A patchy week due to migraine, another osteopathy session and a visit to the hairdresser. I’m flagging severely but want to carry on till Christmas if I can and take a break then. I’m in a nebulous section of the novel at the moment and don’t want to leave it until I’m in a better place.

‘I’m going slightly deaf,’ I explained to the osteopath as he worked on my shoulder behind my head. ‘I have to see people’s faces and lipread in order to be sure what they’re saying.’
    ‘Funny you should say that,’ he said. ‘I was talking to another client and she asked me which would be worse – to go blind or to go deaf.’
    ‘Oh, to go blind,’ I said instantly.
    ‘Well we both decided that deafness would be worse because you wouldn’t be able to socialise.’
    ‘But I don’t want to socialise,’ I exclaimed, horrified.
   
Sometimes I worry about myself. I don’t have a social life and I don’t do anything for the community. Writing takes up all my time and all my energy and, as you can see from the last few posts, even finding time for basic maintenance (dentist, hairdresser, osteopath) is a struggle. I worry that people think I’m selfish (perhaps I am) and I worry what will happen if I get infirm and need help or if Frog dies before me.
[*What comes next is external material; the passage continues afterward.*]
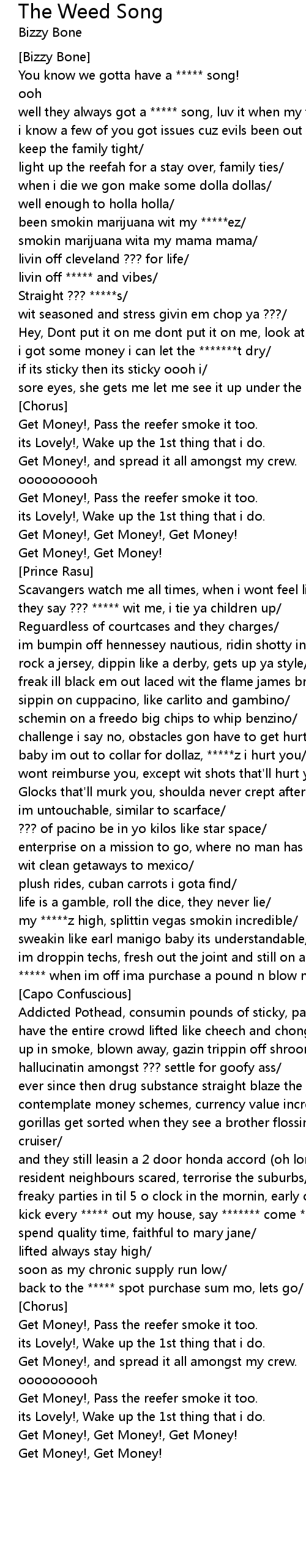 Get Money!, Pass the reefer smoke it too. |
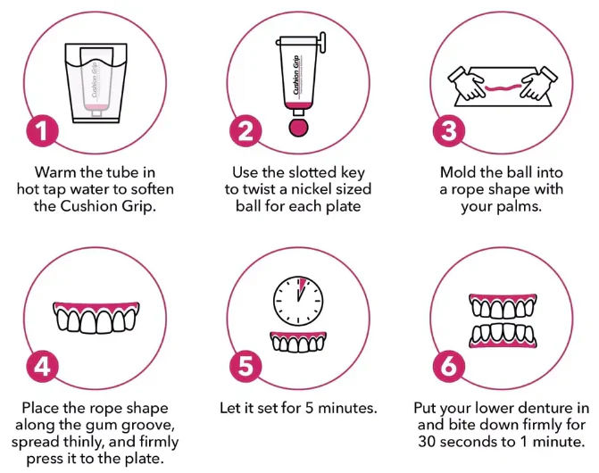 It isn’t a glue adhesive; it works like a soft reline. A single application lasts up to four days and is waterproof, so it won’t wash off during daily cleaning. Cvreoz® adheres to your dentures, not your gums.👍

It was so inspiring however to see a documentary on television recently about Judith Kerr, the writer and illustrator of children’s books*, who is now widowed and in her eighties but works all day and every day on her books except for the hour a day when she goes out walking. She is healthy and cheerful. I’d like to be like that when/if I get to that age.


* If you haven’t read her book When Hitler Stole Pink Rabbit, do give it a try. It’s the first volume of her fascinating autobiography. Her father was a writer and critic of the Nazis and the family fled Germany just before Hitler came to power.